Settings saved and service restarted.

  1. Tab 1 — Settings: entered all settings above, clicked Save Settings, restarted service
  2. Tab 2 — Devices: speaker appeared via mDNS discovery; clicked Sync Data
  3. Tab 3 — Data Sync: clicked Start Sync to pull account/device data from Bose cloud
  4. Tab 2 — Devices: clicked Migrate on the speaker entry
  5. In the Migrate panel: selected Migration Method → /etc/resolv.conf
  6. Ran pre-migration checks (see below)
  7. Ran migration steps (see below)
  8. Rebooted speaker
  9. Paired and configured speaker via the Bose app

Pre-Migration Checks

All tests run from the Devices → Migrate panel after selecting the speaker (192.168.x.y, SoundTouch 10):

Migration Steps

  1. Enable Persistent Remote ServicesSuccessfully ensured remote services for SoundTouch 10 (192.168.x.y)
    • Note: touch /etc/remote_services (with rw): sh: rw: command not found — safe to ignore, touch succeeded
  2. Reloaded migration view by deselecting and reselecting the speaker in the dropdown
  3. Backup Config Now✅ Found .original config at /opt/Bose/etc/SoundTouchSdkPrivateCfg.xml.original
  4. Confirm MigrationSuccessfully started migration for SoundTouch 10 (192.168.x.y).
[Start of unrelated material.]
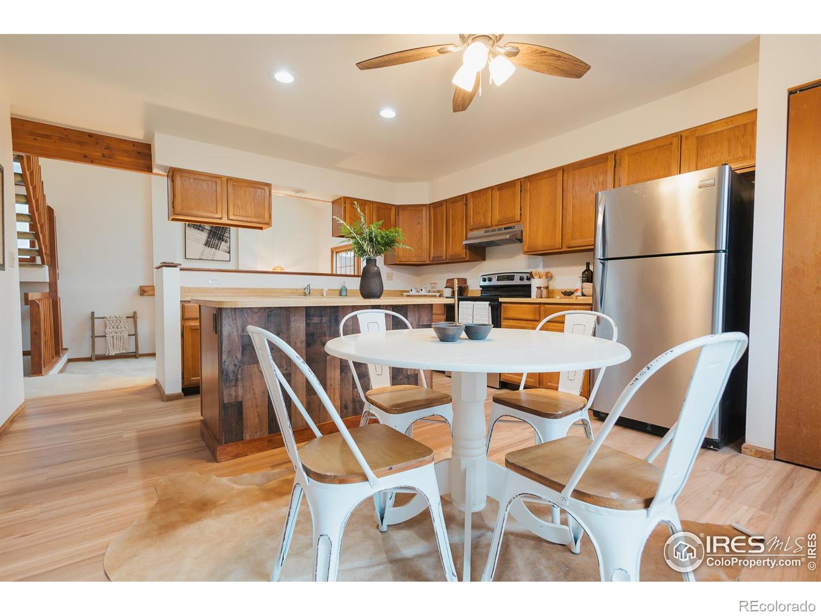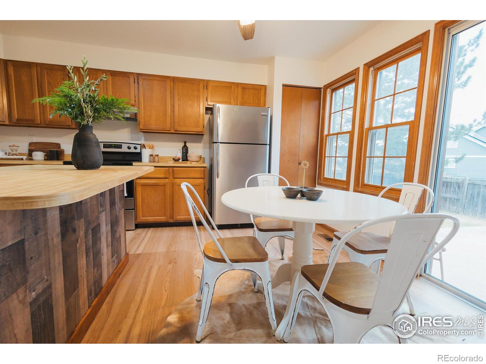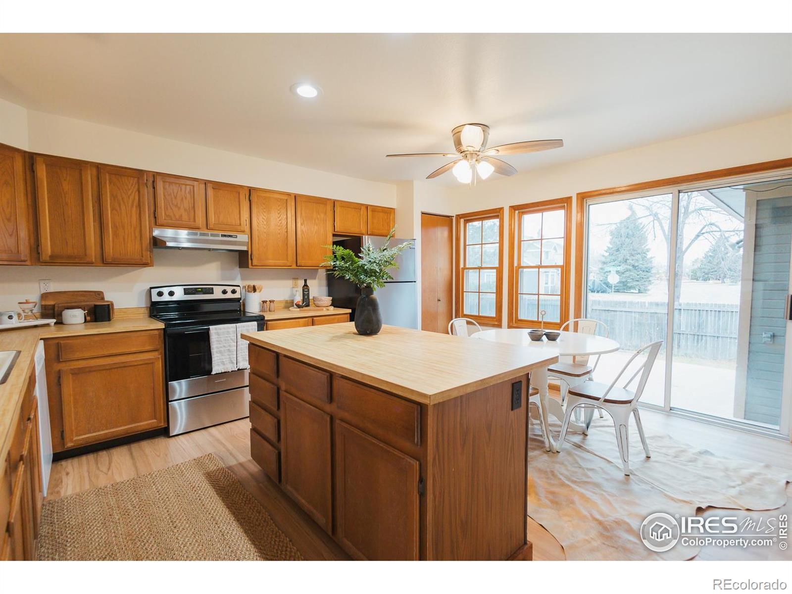 Charming 1984 one-owner, two story home located on a corner lot at the end of a cul-de-sac in the Willow Park neighborhood. This home boasts unobstructed views of the foothills and Horsetooth Rock. The main level features an open floor plan with vaulted ceilings, a highly desirable main level primary with a full bath, two living areas including a living room with abundant natural light, a family room with a wood burning fireplace and an eat-in kitchen. Two additional bedrooms and full bath are located on the second level. You're all set up for future growth in the unfinished basement which includes rough-in plumbing and an egress window. Upgrades include new Lifeproof VLP flooring in the kitchen, living room and main floor bedroom and bath (2025), new slate flooring at the entry (2025), new range, hood and oven (2025), new kitchen ceiling fan (2025), new GFCI outlets in the kitchen and both bathrooms (2025), new combination CO2/smoke detectors (2024) and newer GAF Timberline Lifetime roof (2014). The oversized 2-car garage is long enough to accommodate longer vehicles and provide ample storage. The fully fenced yard provides year-round beauty and color as well as abundant shade in the summer. The 10'x12' shed and gated parking area are the cherry on the top. Don't miss out on the liveablity of this home and ease of access to the MAX transit, neighborhood parks, and schools(Rocky Mountain, Webber, Lopez and Front Range Community College).

Please reboot the device to activate the changes.

    Command output:

    • Off-device backup created ✅
    • Write access verified ✅
    • soundtouch.local resolved to 192.168.x.z
    • /mnt/nv/soundtouch-service/aftertouch.resolv.conf uploaded ✅
    • rc.local already contains Aftertouch hook logic ✅
    • (rw || mount -o remount,rw /): sh: rw: command not found — safe to ignore (same shell quirk as above)
    • /etc/udhcpc.d/50default patched and verified ✅
    • /opt/Bose/udhcpc.script patched and verified ✅
    • CA certificate already trusted, skipping injection ✅
  5. Reboot Speaker → speaker came back online after ~30 s

Post-Migration

Known Shell Warning (safe to ignore)

Two commands produced sh: rw: command not found. This occurs because the service wraps commands with (rw || ...) as a fallback pattern, but the shell on the ST10 interprets rw as a bare command rather than a shell variable/flag. The primary command (touch, mount) still succeeds. This is a known cosmetic issue in the migration output.